The financial sector is facing increasing pressure to improve its digital resilience, and the EU’s Digital Operational Resilience Act (DORA) is setting the standard. The DORA Act requires financial institutions to have robust business continuity plans in place to withstand disruptions and maintain critical operations. However, with downtime costs reaching astronomical figures (Gartner estimates $5,600 per minute!), the question is how organizations can ensure continuity.
This article explores how Google Workspace can serve as a cornerstone of your business continuity strategy. You will learn how Workspace can help you meet DORA (or NIS2 or similar) requirements and mitigate the risks of operational disruptions.

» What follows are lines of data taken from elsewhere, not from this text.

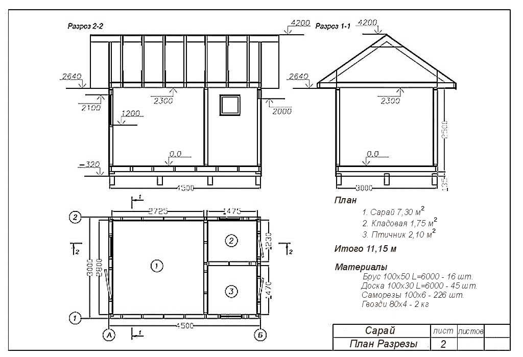 Несмотря на то, что это сарай, сооружение считается капитальным, поэтому необходимо иметь чертеж, как основу для расчета материалов и, как основу для строительства. При составлении схемы необходимо учитывать ряд факторов, которые повлияют на конечный результат, в том числе и в плане экономии материалов и средств. В обязательном порядке необходимо учитывать действительные размеры строительных материалов, чтобы уменьшить количество отходов. Поэтому размеры сарая должны быть сопоставленными с размерами, как строительных, так и отделочных материалов.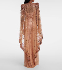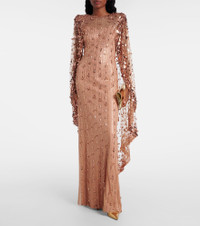 Enriched with romance, Jenny Packham’s intricately embellished designs are made to make an entrance. The Blaize gown captivates with its floor-length silhouette, graceful cape detail, and shimmering crystal embellishments. Product Details - Material: 100% nylon - Care instructions: dry clean - Made in India - Designer color name: Sable - Item color: pink - Lining: 98% polyester, 2% elastane - Shoulder pads - Closure: zipped back - Item number: P01077497 Size & Fit - True to size - Shoulder pad inserts - Low back - Fitted - Loose outer layer - Non-stretchy fabric - The model seen in the picture is 178cm-5'10" and wearing a size UK 8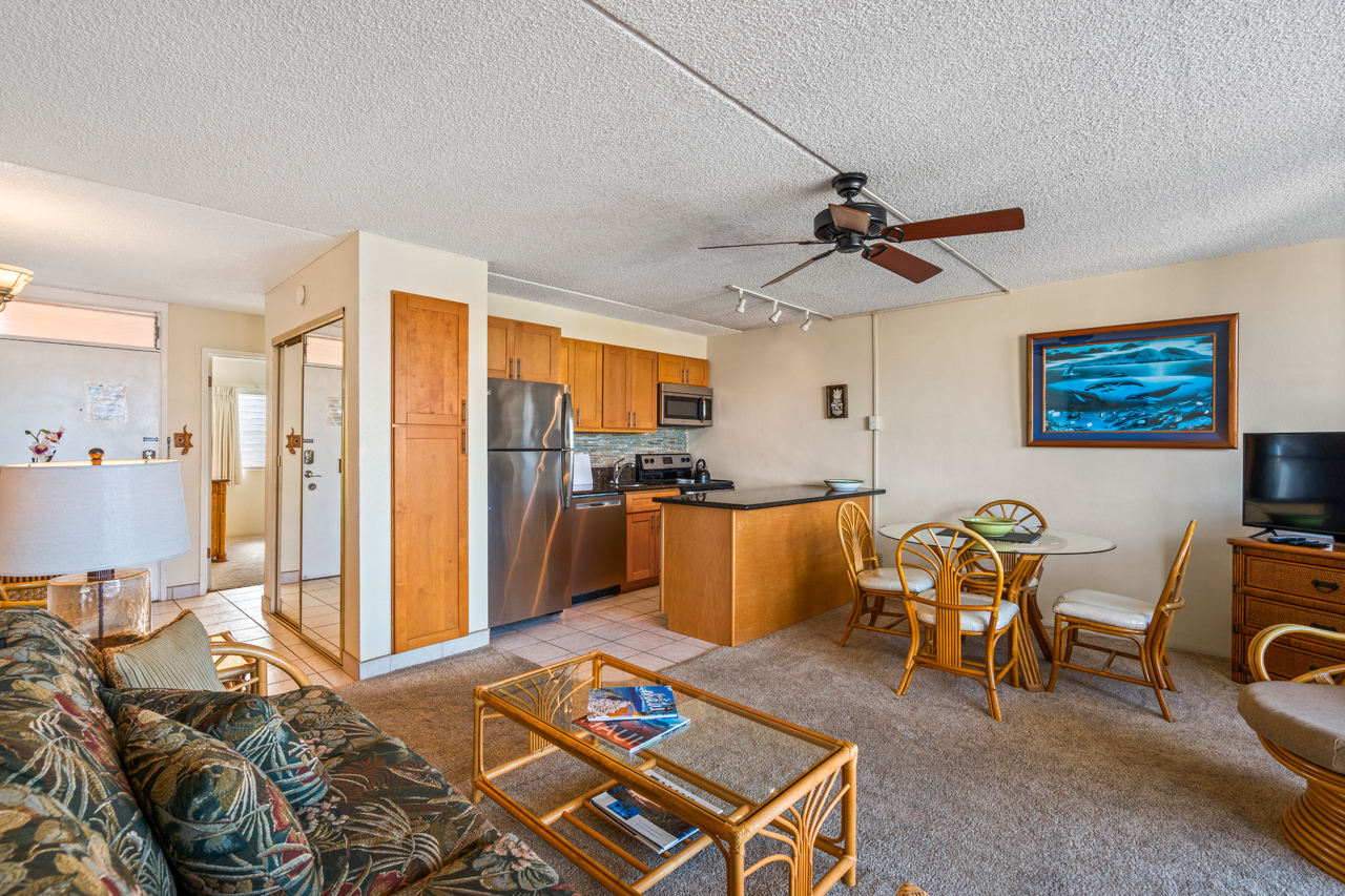 The one you’ve been waiting for at Kihei Kai Nani #248. HOTEL ZONED and move in ready! Your Maui escape officially begins here! Perfectly situated in the vibrant heart of South Kihei, you simply cannot beat this location in Hawaii. Just steps from the golden sands of Kamaole Beach Park II, this beautiful 1-bedroom, 1-bath, 621 sq. ft. vacation rental offers both comfort and island convenience. Easily one of the best locations in the complex overlooking the pool with ocean views. The large bedroom offers a serene retreat with oversized windows and mirrored closet doors, while the bathroom showcases a walk-in shower, modern tilework, and a granite vanity. Offered fully furnished, this turn-key unit is ready for immediate enjoyment. Kihei Kai Nani #248 also enjoys extra privacy, set away from the main road, while still being conveniently close to the center of the complex. Kihei Kai Nani places you in the middle of South Kihei’s best, with restaurants, shops, and entertainment right outside your door. On-site amenities include a swimming pool, multiple BBQ areas, and a community pavilion. Paradise awaits at Kihei Kai Nani 248!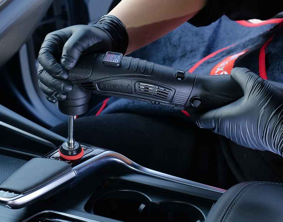 Polisseuse sans fil Maxshine Mini V2 à double action avec un ensemble complet de tampons de polissage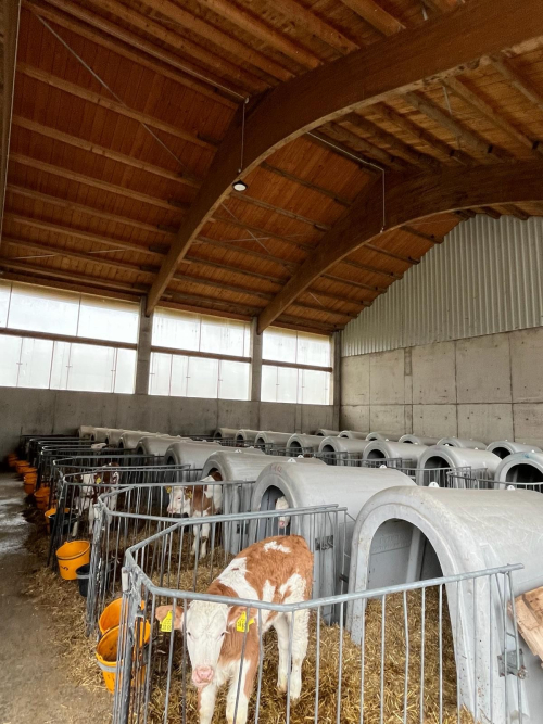Der Kälberstall am Betrieb Bernhart war ein echtes Highlight. Andreas Bernhart setzt hierbei den Schwerpunkt auf möglichst viel frische Luft, um möglichst gesunde Kälber heranzuziehen, wobei er die arbeitswirtschaftliche Sicht nie aus den Augen verliert und Arbeitsabläufe effizient gestaltet.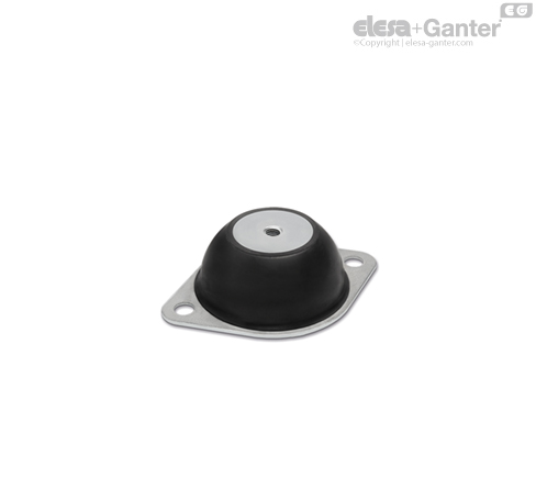 DVE Gummipuffer bestehen aus zwei Metallelementen, die durch einen Anti-Vibrations-Körper aus Naturkautschuk verbunden sind. Ein rundes Element mit einer Buchse und einer durchgehenden Gewindebohrung dienen zur Fixierung. Ein ovaler oder quadratischer Flansch dient zur Fixierung am Boden.
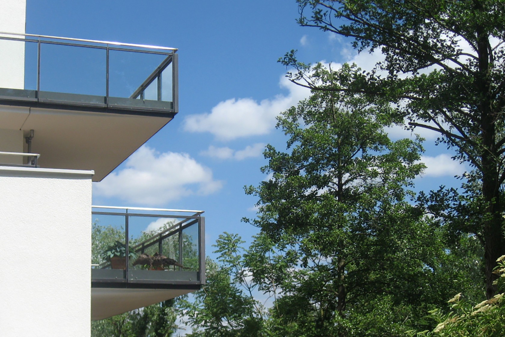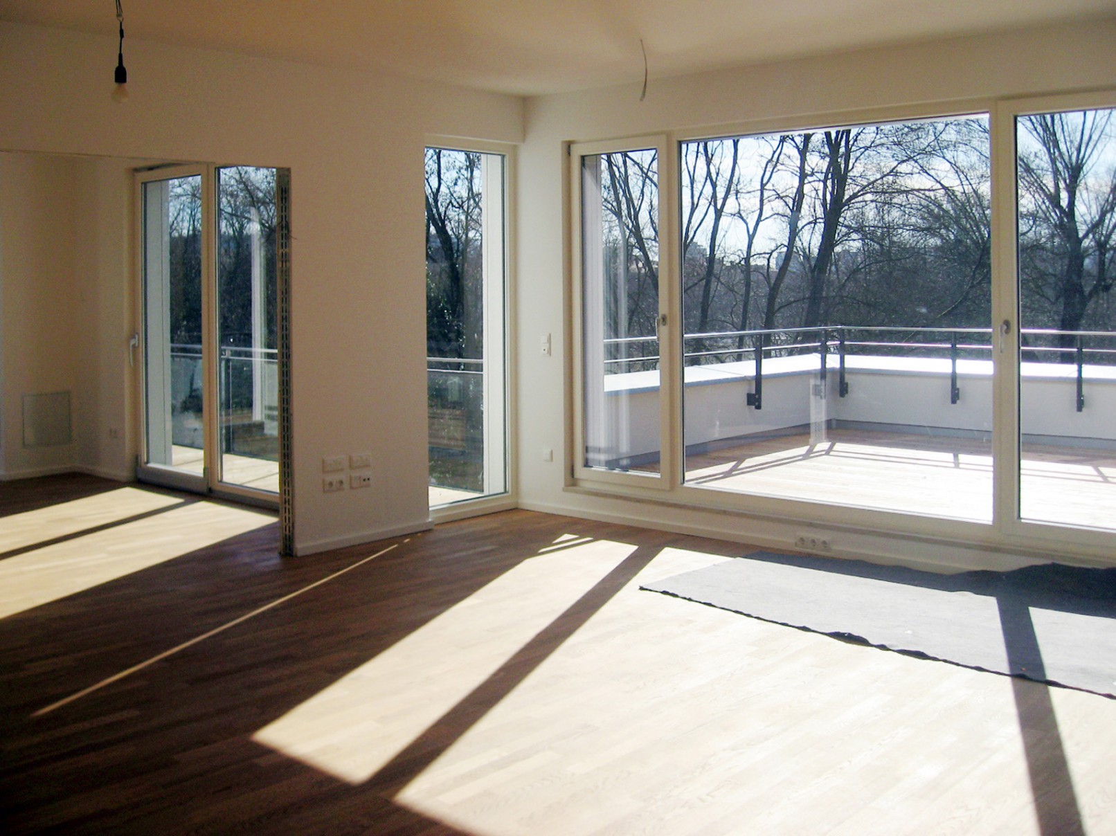 Entsprechend der Ausrichtung sind die Fassaden nach Westen schützend geschlossen und nach Osten mit großzügigen Balkonen, Terrassen und Fenstern weit geöffnet. Das Untergeschoss liegt in der Hochwasserzone – hier befinden sich die Stellplätze, die im Überflutungsfall leicht zu räumen sind.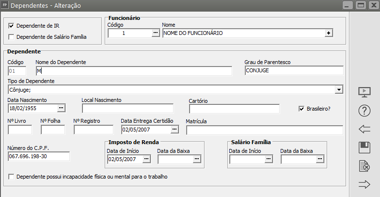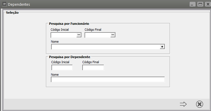Correção: Acesse o menu Manutenção > Dependentes > Funcionários > Manutenção, pesquise pelo Código do Funcionário e clique na seta Avança.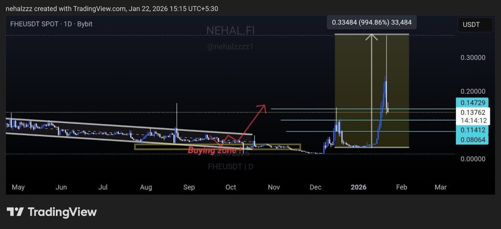 While the Mind Network has dropped to $0.14 as of January 24, it remains one of the top gainers, up 50% on the weekly chart. Nehal notes that the retracement would not last and expects a rebound to $0.33.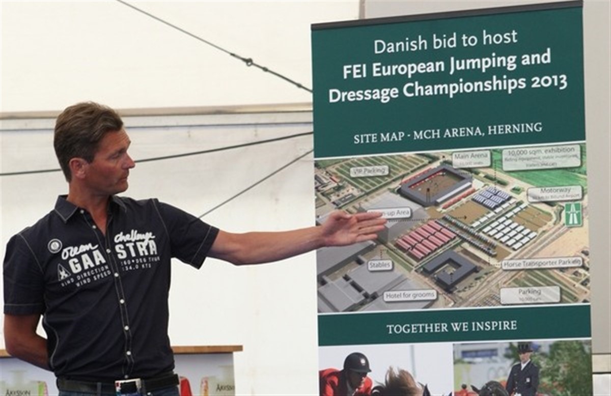 Mesterskaberne afvikles den 21. – 25. august 2013. Det er JBK Horse Shows, Sport Event Denmark, Herning Kommune og Dansk Ride Forbund, der har arbejdet sammen om det bud, der har sikret, at Herning bliver værtsby for det dobbelte europæiske mesterskab. MCH Arena og området omkring kommer til at danne de rammer, der vil tage mesterskaberne til nye højder. Danmark bliver ridesportens centrum i 2013 Dansk Ride Forbunds formand Ulf Helgstrand er til FEI’s generalforsamling i Taiwan, hvor bestyrelsen netop har besluttet at tildele Danmark mesterskaberne. ”Danmark er klar til EM i springning og dressur, der bliver den største ridesportsoplevelse nogensinde på dansk grund – både for deltagere og publikum. Facilliterne i Herning giver os mulighed for at samle de to mesterskaber under rammer, der ikke er set tidligere i ridesporten. At vi kan afholde mesterskaberne i Danmark i 2013, er lykkedes i kraft af et professionelt og visionært samarbejde mellem JBK Horse Shows, Sport Event Denmark, Herning Kommune og Dansk Ride Forbund – kun ved at løfte i flok, kan vi nå nye højder for sporten”, siger Ulf Helgstrand. Together we inspire JBK Horse Shows, Sport Event Denmark, Herning Kommune og Dansk Ride Forbund har i fællesskab arbejdet på det bud, der nu har fået EM i dressur og springning til Danmark i 2013. Det dobbelte mesterskabsstævne skal afvikles på MCH Arena i Herning, der til daglig er hjemmebanestadion for fodboldklubben FC Midtjylland. Stadion og faciliteterne omkring gør det muligt at skabe helt unikke og banebrydende rammer for det dobbelte EM. ”Så bliver det ikke meget større, og dette kombinerede EM vil skrive historie” siger Lars Lundov, direktør, Sport Event Denmark, og tilføjer ”Dette vinderbud viser også, at Danmark kan give de store konkurrenter ”bag-ben” og dermed fortsætte den gode udvikling, hvor vi p.t. vinder alt, hvad vi byder på” ”Vi er meget begejstrede og ser frem til at byde på ridesport i verdensklasse i Herning. At det dobbelte EM afvikles i Herning i 2013 passer perfekt i kommunens eventstrategi, og vi er overbeviste om, at vi kan tilføre mesterskaberne rammer, der giver ridesporten mulighed for at folde sig ud i helt nye dimensioner”, siger Lars Krarup (V), borgmester i Herning. En ridesportsevent i særklasse At skabe en ridesportsbegivenhed i verdensklasse kræver de bedste forhold – ikke kun for publikum, men også for udøverne. Det er nemlig altafgørende for arrangørerne, at ryttere og heste sikres de bedste rammer, så de kan præstere ridesport i verdensklasse på dansk grund. ”Vi er virkelig stolte og kan ikke vente med at komme i gang. Vi er overbeviste om, at en væsentlig årsag, til at vi har fået mesterskabet, er, at vi har lagt stor fokus på at skabe de bedste rammer for udøverne, for kun under optimale forhold kan ekvipagerne yde deres ypperste. De rammer kan vi give dem i Herning, og det især i kraft af det stærke samarbejde mellem Sport Event Denmark, Herning Kommune, Dansk Ride Forbund og JBK Horse Shows, der ligger bag mesterskaberne”, siger Jens Trabjerg, direktør i JBK Horse Shows. Mesterskaber understreger Danmarks internationale position ”Det er intet mindre end fantastisk. At Danmark bliver vært for EM i dressur og springning er et stærkt symbol på den massive udvikling, som dansk ridesport har gennemgået de seneste år, der har resulteret i VM-medaljer i dressur i 2006, OL-bronze i dressur i 2008 og dansk sejr i Promotional League-finalen i 2010, der giver adgang til superligæn i springning. Udviklingen symboliseres også gennem vores talentarbejde, som har resulteret i stribevis af medaljer ved de internationale mesterskaber for unge de seneste år. At Danmark er med helt fremme i international ridesport stadfæstes af tildelingen af det dobbelte EM i 2013, samt at Danmark med JBK Horse Shows som arrangør er vært for EM for junior- og ungryttere i dressur på Broholm i 2011”, siger Jens-Erik Majlund, generalsekretær i Dansk Ride Forbund. Pressemeddelelse: Dansk Ride Forbund

Fact box – central concepts
What is DORA?
The Digital Operational Resilience Act (DORA) is an EU regulation that aims to strengthen the digital resilience of financial services. It ensures that financial institutions can withstand and manage cyberattacks and other forms of IT-related disruption.
DORA is part of the EU’s wider Digital Finance Package initiative, which was presented in 2020. The EU adopted the regulation in 2022.
DORA act ensures that financial institutions have robust IT systems and procedures in place to protect themselves against IT threats and risks that could affect their operations and stability. It applies to a wide range of financial actors, including banks, insurance companies, investment firms, and payment providers, as well as their IT suppliers and third-party service providers.
The key elements of DORA include:
- Risk monitoring and management: Financial institutions must implement systems to monitor, manage, and mitigate IT risks across their organisations.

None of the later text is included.